De acordo com Marx devemos situar a fase inicial do capitalismo na

Inglaterra, não no século XII como faz Pirenne (que pensa principalmente na

Holanda), nem mesmo no século XIV com seu comércio urbano e ligas

artesanais como fazem outros, mas na segunda metade do século XVI e início

do século XVII, quando o capital começou a penetrar na produção em

proporções consideráveis, na forma de uma relação bem amadurecida entre

capitalistas e assalariados e também na forma de subordinação dos artesãos

domésticos, que trabalhavam em seus próprios lares para um capitalista.

Não se pode negar que antes disso já podem ser encontrados exemplos

de uma situação transitória em que o artesão perdera grande parte de sua

independência, em face da dívida ou monopólio dos comerciantes

atacadistas, e apresentava relações de alguma dependência com um

mercado, dono de capital. Além disso, no século XIV já existiam camponeses

com um bom padrão de vida na aldeia, comerciantes locais e trabalhadores

proprietários nos artesanatos urbanos que já empregavam trabalho

assalariado. Todavia tais casos foram pouco numerosos, de modo que não

justifica situar a fase inicial do capitalismo8.

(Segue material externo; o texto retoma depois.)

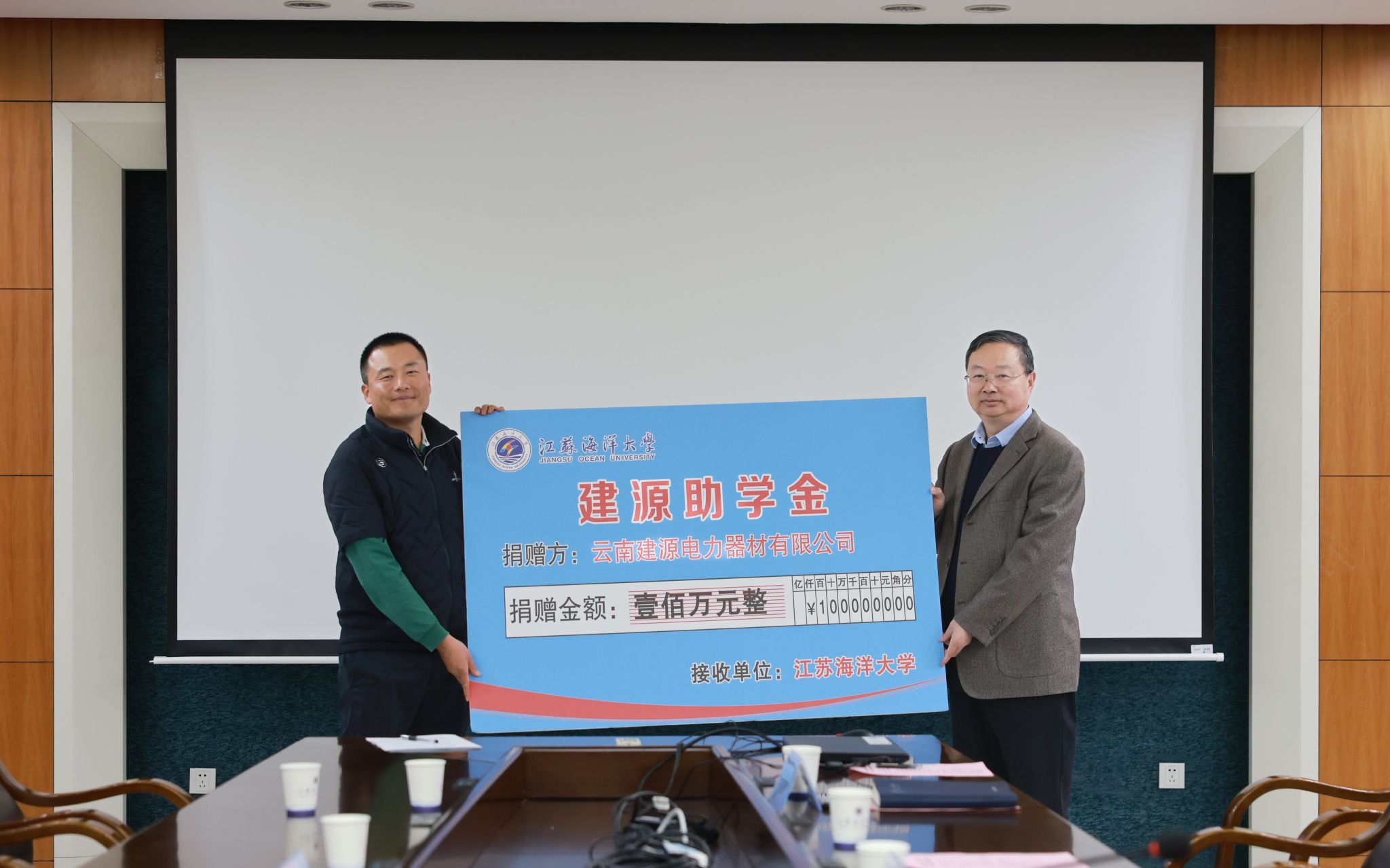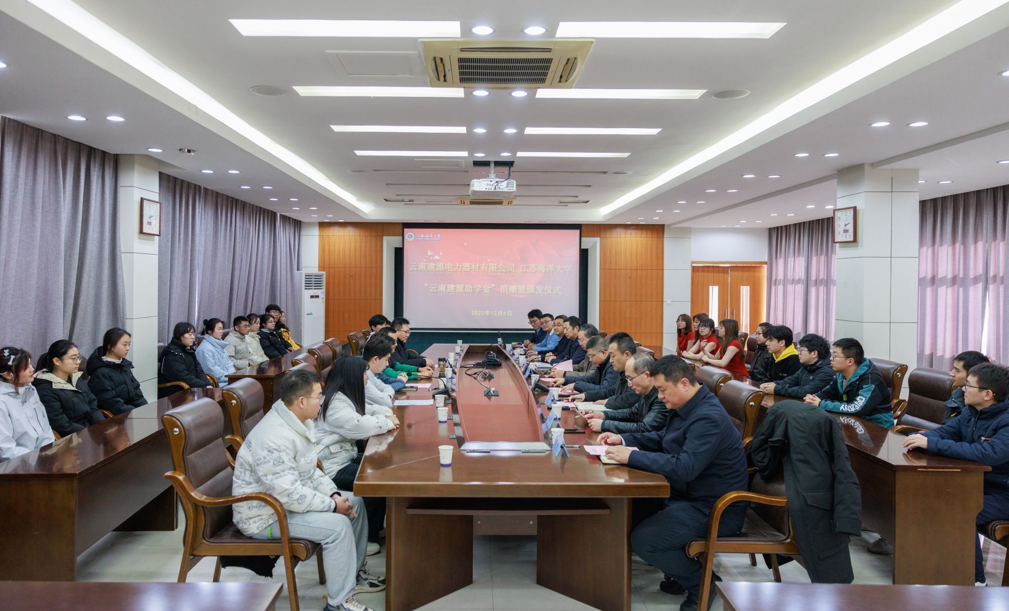 2023年12月6日下午,云南建源电力器材有限公司—江苏海洋大学“云南建源助学金”捐赠暨颁发仪式在文渊楼会议室隆重举行。捐赠人——我校商学院管理012班校友、云南建源电力器材有限公司董事长陈威,总经理助理张亚卡,江苏海洋大学校长宁晓明,副校长朱国军,学生工作处、校友工作处、商学院、计算机学院相关领导及老师,以及首批四十名获助学生参加活动。副校长朱国军主持仪式。

Qualquer que seja a forma de relação entre um modo capitalista de

produção e uma classe particular de capitalistas, estes, até as décadas finais

da era dos Tudor, não alcançaram importância decisiva como influência sobre

o desenvolvimento social e econômico. A partir desta década, dois momentos

são decisivos: (a) século XVII, com suas transformações políticas e sociais,

inclusive a luta dentro das corporações privilegiadas e a luta parlamentar

contra o monopólio; (b) final do século XVIII e primeira metade do século XIX,

com a Revolução Industrial, que representou a transição de um estágio inicial

8 Maurice Hebert Dobb, op. cit., p. 15.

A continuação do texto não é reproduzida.